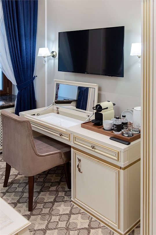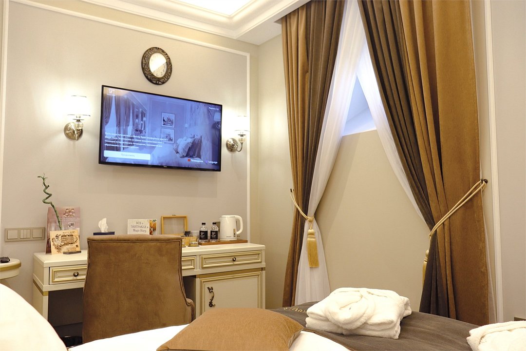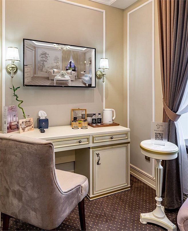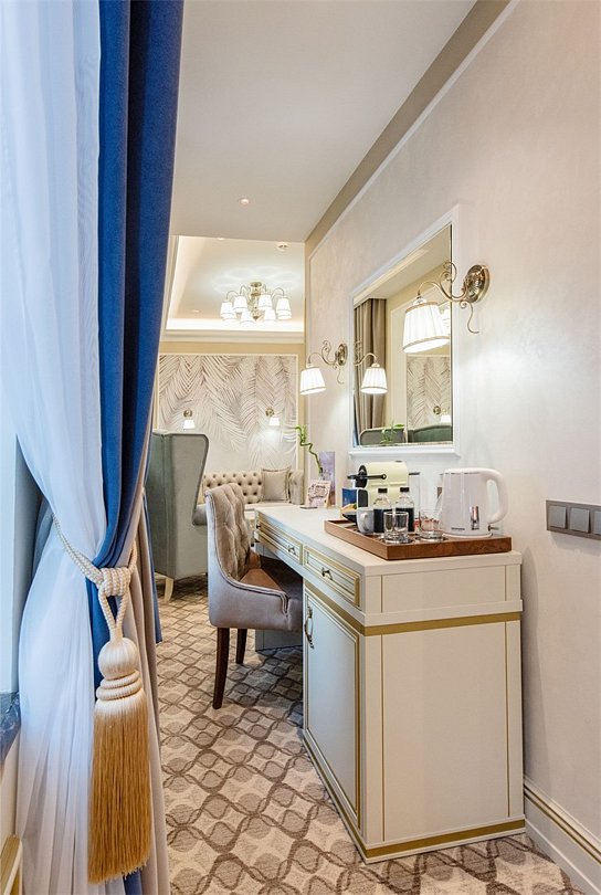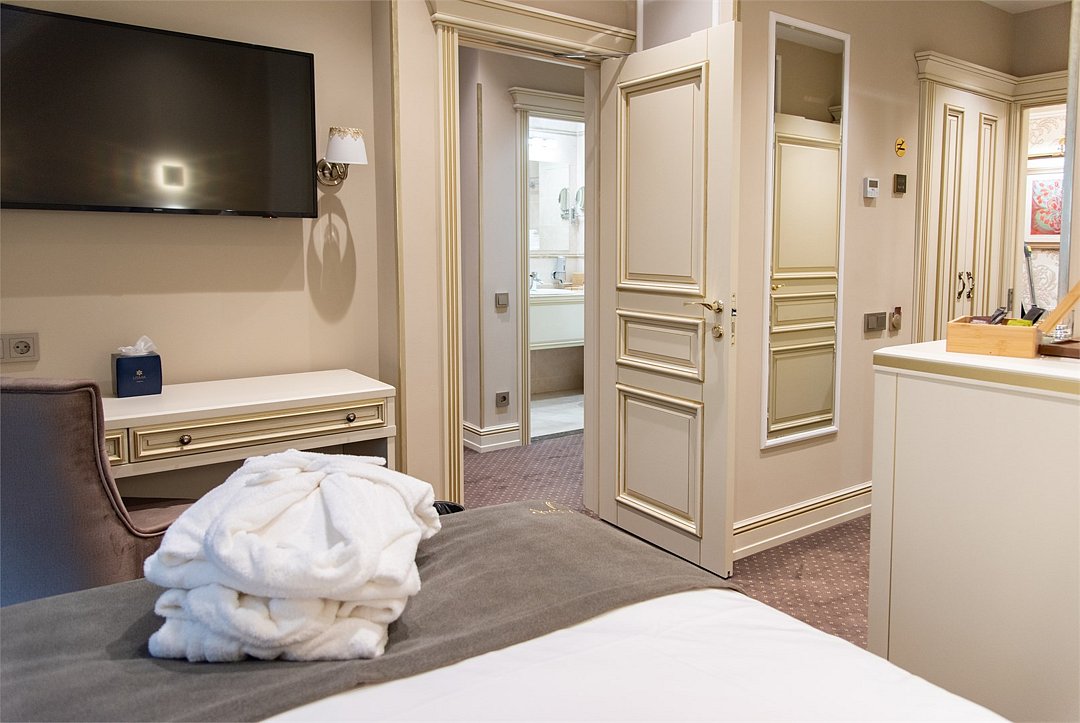 Лучший номер нашего отеля. Просторный, комфортный и с самыми дорогими элементами дизайна и декора. Уровень класса люкс во всём - от постельного белья, до косметики бренда Valentin YudashkinУслуги и удобства
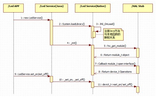 l LedService类加载时加载了对应的本地服务库,在本地服务库里Dalvik自动调用JNI_OnLoad函数,注册Java方法和本地方法映射关系。
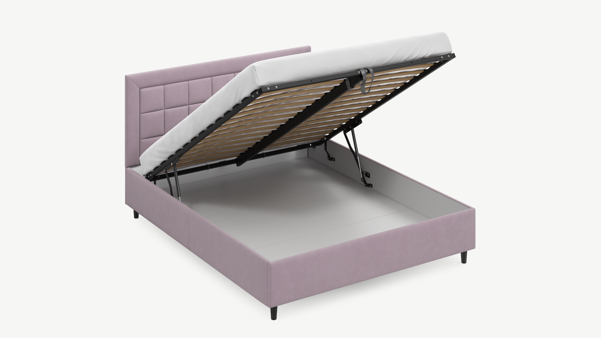 Вместительная емкость под кроватью без внутренних перегородок позволяет использовать для хранения вещей 100% пространства.
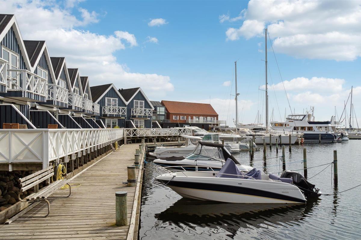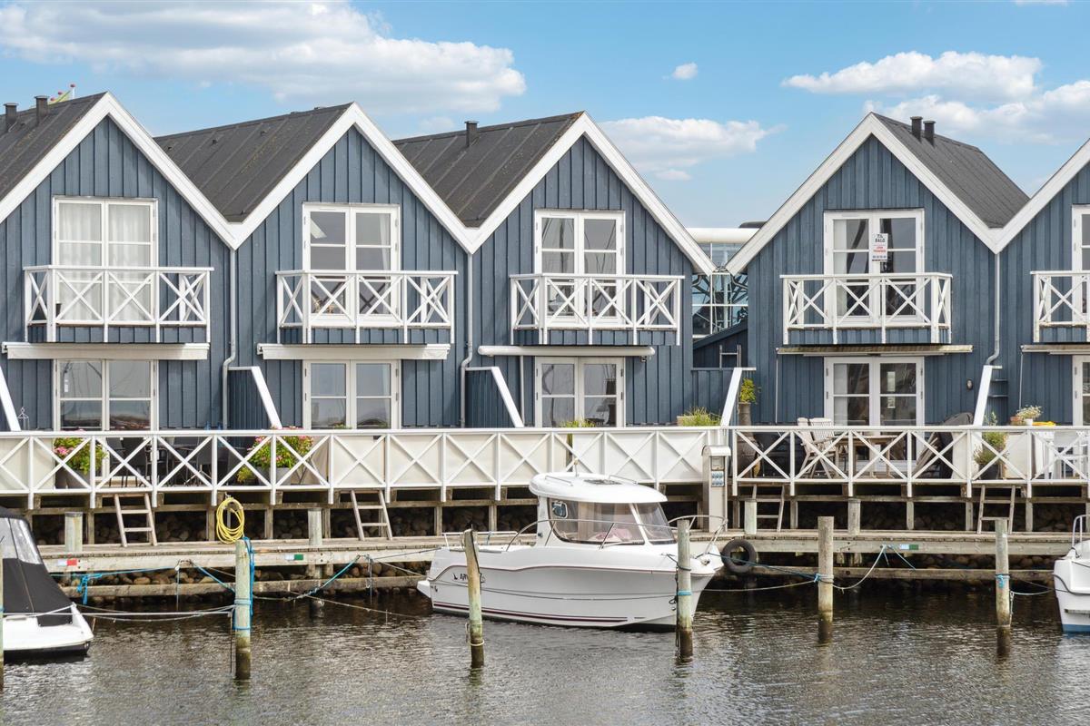 Maritiem rijtjeshuis aan de haven van Grenaa.
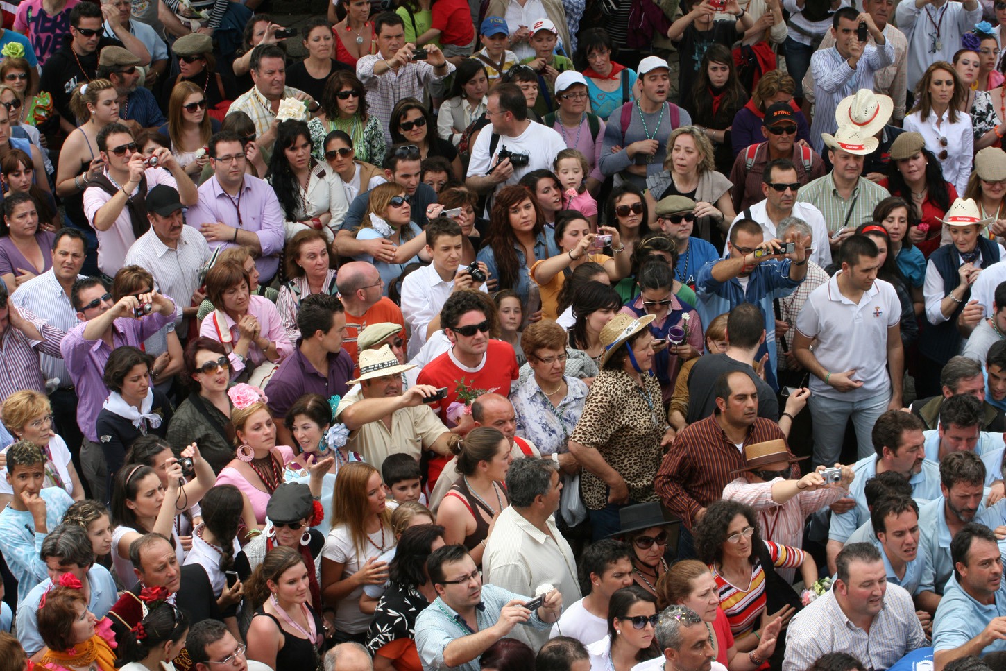 Nos dábamos cita al segundo acto de la Romería, el Santo Rosario, en la explanada de la plaza, frente al Arco, que da inicio la calzada principal.
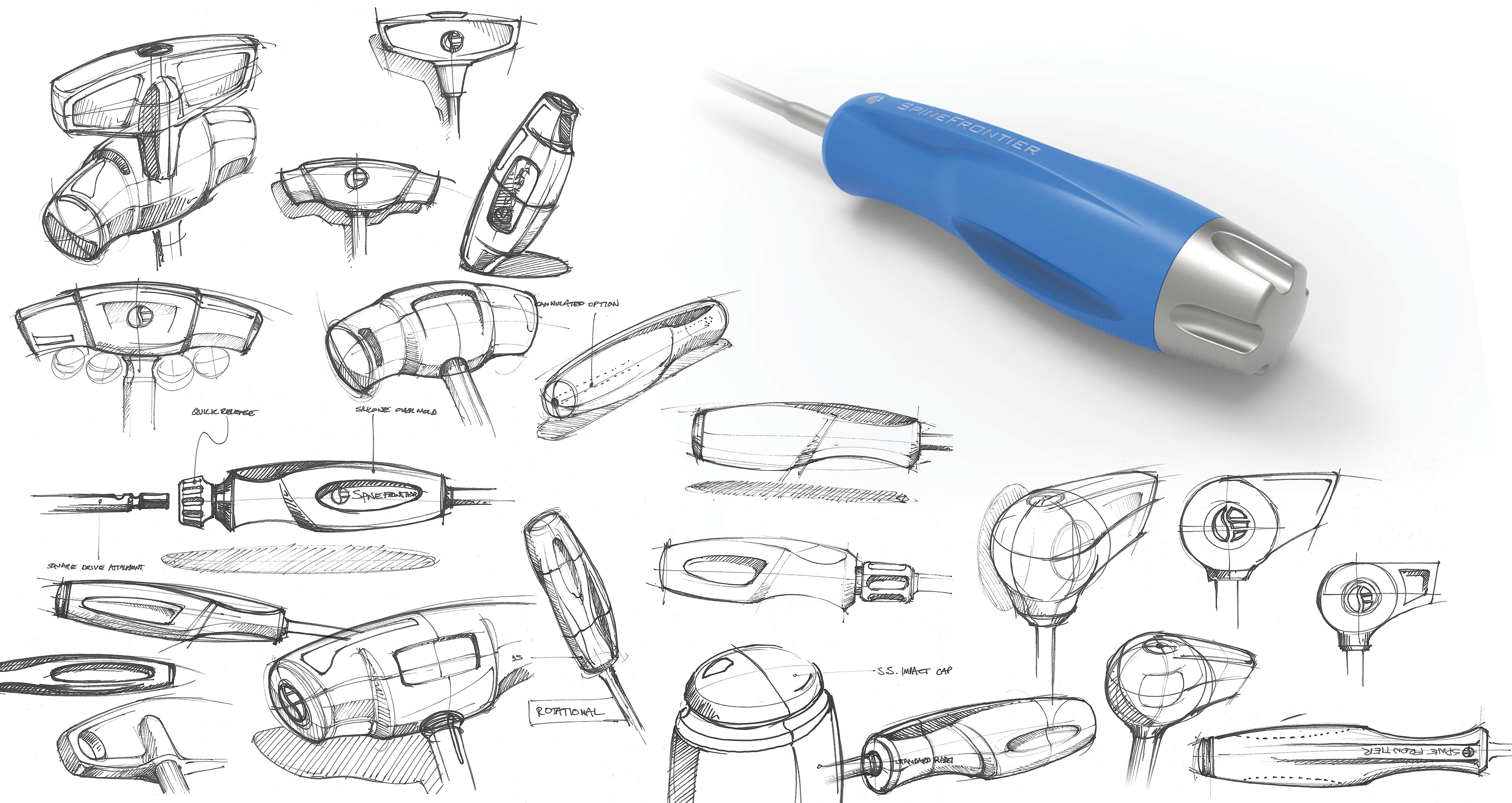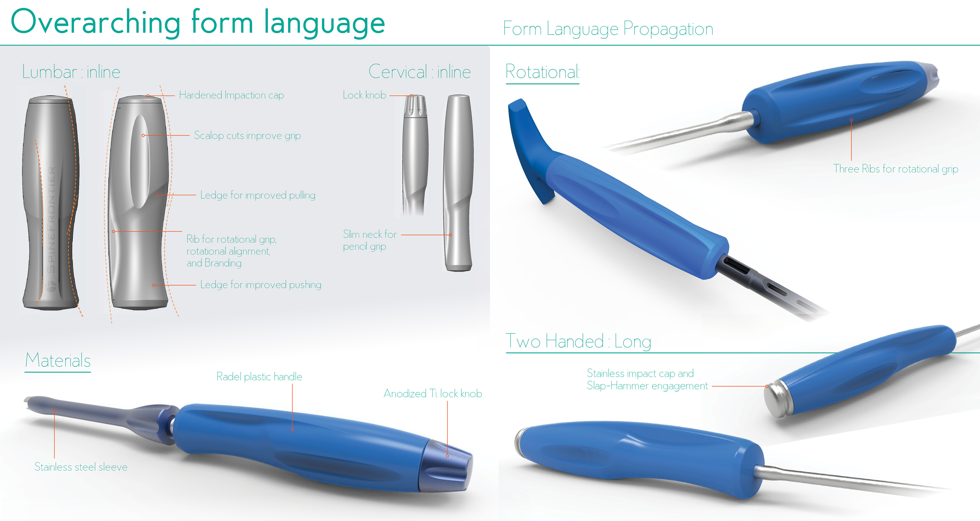 Lead the design of a cohesive brand language for all SpineFrontier Instruments. Implement injection molding solutions, and silicone over-molding.

■ ■ ■ ■ ■ ■ ■

(Exercise prompt) Exactly as written, return every line of the listing, but not the pictures.

(Result of this exercise)
 Лучший номер нашего отеля. Просторный, комфортный и с самыми дорогими элементами дизайна и декора. Уровень класса люкс во всём - от постельного белья, до косметики бренда Valentin YudashkinУслуги и удобства
 l LedService类加载时加载了对应的本地服务库,在本地服务库里Dalvik自动调用JNI_OnLoad函数,注册Java方法和本地方法映射关系。
 Вместительная емкость под кроватью без внутренних перегородок позволяет использовать для хранения вещей 100% пространства.
 Maritiem rijtjeshuis aan de haven van Grenaa.
 Nos dábamos cita al segundo acto de la Romería, el Santo Rosario, en la explanada de la plaza, frente al Arco, que da inicio la calzada principal.
 Lead the design of a cohesive brand language for all SpineFrontier Instruments. Implement injection molding solutions, and silicone over-molding.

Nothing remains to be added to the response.